Первый класс я окончил на отлично и из рук заведующего получил похвальный лист, высшую в те времена награду, с подписью – Н.П. Бабич.
* * *
1948–1949
Бельцы
Во втором классе к нам опять пришли новые учителя. Заведующим школы был назначен новый человек – Иосиф Абрамович. Толстый, лысый и очень крикливый. Он совсем не был похож на нашего любимого Бабича. Между собой мы стали звать его Иоська и считали вредным и злым. Зато с учительницей повезло: к нам пришла молодая, очень красивая женщина, Валентина Фёдоровна. Она одевалась с каким-то особым шиком: на её статной фигуре обычно была плиссированная чёрная юбка и пушистая серая кофта; в холодное время она носила каракулевую серую кубанку, которая очень шла к её большим голубым глазам. Она была похожа на артистку Серову, но гораздо красивее; голос у неё был грудной, низкий, чуть глуховатый. Говорили, что Валентина Федоровна была фронтовичка, но о войне распространяться она не любила. Хоть мы были маленькими пацанятами, многие сразу влюбились в новую учительницу и при случае старались всяко услужить ей или хотя бы обратить на себя её внимание.
Первого сентября мы выстроились во дворе в четыре шеренги (по классам) на линейку. Перед строем вышли знакомый нам дядя Илья с аккордеоном (он играл у нас на утренниках) и заведующий. Дядя Илья заиграл гимн Советского Союза, и Иосиф Абрамович вдруг затянул высоким тенорком, сильно по-еврейски картавя:
Сайю-юз негуш-ш-ш-и-и-и-мый геспу-у-у-блик
сва-а-а-бо-о-дных
Сплати-и-и-ла наве-е-е-ки вели-и-и-к-кая Ру-у-усь,
Да здга-а-а-вствуй-е-ет со-о-озд-а-анный
во-о-о-лей на-го-о-о-да
Вели-и-и-кий, ма-а-гу-у-у-чий Са-а ве-е-е-цкий
Сай-ю-у-у-уз!
Взмахнув руками, заведующий подал знак, и мы, четыре босоногих шеренги, дружно грянули припев:
Славься-а-а-а, а-а-а-те-е-е-че-ство на-а-а-ше-е-е
сва-або-о-одное —
Дру-у-ужбы наро-о-од-а-аф надё-о-о-ожный
апло-о-о-от!..
Учебной год начался хорошо. Мы преданно смотрели на нашу неземной красоты учительницу, она же, по-царски сдержанно, улыбаясь, излучала внимание и неизменную доброту. Каждый старался быть ближе к ней, чтобы хоть иногда поймать на себе взгляд её лучезарных глаз.

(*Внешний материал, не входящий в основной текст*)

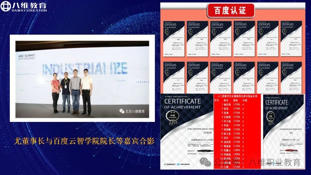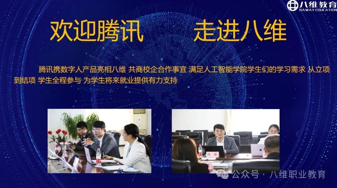 名企深度合作。八维与众多名企、大厂达成深度合作。如学生可考取百度认证等;腾讯携数字人产品亮相八维共商校企合作事宜,满足人工智能专业学生们的学习需求,从立项到结项,学生全程参与,为学生将来就业提供有力支持。

Я записался в городскую детскую библиотеку. Она была в центре города. Далеко. Но ходил туда с радостью. Сначала читал сказки, потом мне стали выдавать книжки Гайдара. Я читал и думал, какие смелые и геройские бывают ребята. Потом мне достался «Робинзон Крузо» и сразу после этого «Таинственный остров», и я понял, что нет ничего на свете интереснее, чем совершать путешествия к никому не известным островам, к новым землям и морям и, преодолевая суровые норд-осты, добираться до каких-нибудь Полинезий и архипелагов Туамоту. У нас в классе висела на стене карта полушарий, и несколько раз я пытался найти на ней остров в океане напротив устья реки Ориноко, на котором по описанию жил Робинзон. Река на карте была, океан был, а острова я не находил. Точно так же не мог найти и таинственный остров, описанный Жюлем Верном, хотя в книге были указаны его координаты.
Тогда я выпросил у мамы рубль десять копеек, пошел в «когиз» (так назывался книжный магазин), купил карту полушарий и дома гвоздиками прибил к стене. Теперь я мог вволю путешествовать, куда захочу. Карта была необычайно интересной. Я мог часами, мысленно следуя по обозначенным пунктирам, плыть на каравеллах Колумба к Антильским островам, или вокруг Африки – вместе с Васко да Гама, пересекать океаны с Магелланом.
Вместе со мной картой заинтересовался дружок мой Иван. Он был молдаванином, настоящая фамилия у него была Слэнина, что в переводе на русский означало Сало. Все звали его Сало. Он часто путался с написанием русских слов, приходил ко мне, и мы вместе делали уроки. Однажды мы придумали игру: сначала надо было просто найти на карте какой-нибудь город или море или остров. Потом придумали: кто больше найдет городов на ту или иную букву. Соревновались. Иногда попадались неприличные названия. На букву «п», например, я нашел на карте название европейского морского порта и прочитал – «Пула». Сало засмеялся. По-молдавски так назывался мужской половой орган. Неожиданно наши игры с картой обернулись практической пользой. Однажды на уроке неживой природы (был такой предмет) Валентина Федоровна спросила, кто знает, какие моря омывают территорию нашей страны. Были названы Черное, Каспийское, Азовское, Балтийское моря. А когда учительница попросила показать моря на карте, мы с Иваном быстро показали ещё и Белое, Баренцово, Карское, море Лаптевых, Восточно-Сибирское, Чукотское, Берингово, Охотское и Японское моря. Все были потрясены, нас сильно зауважали.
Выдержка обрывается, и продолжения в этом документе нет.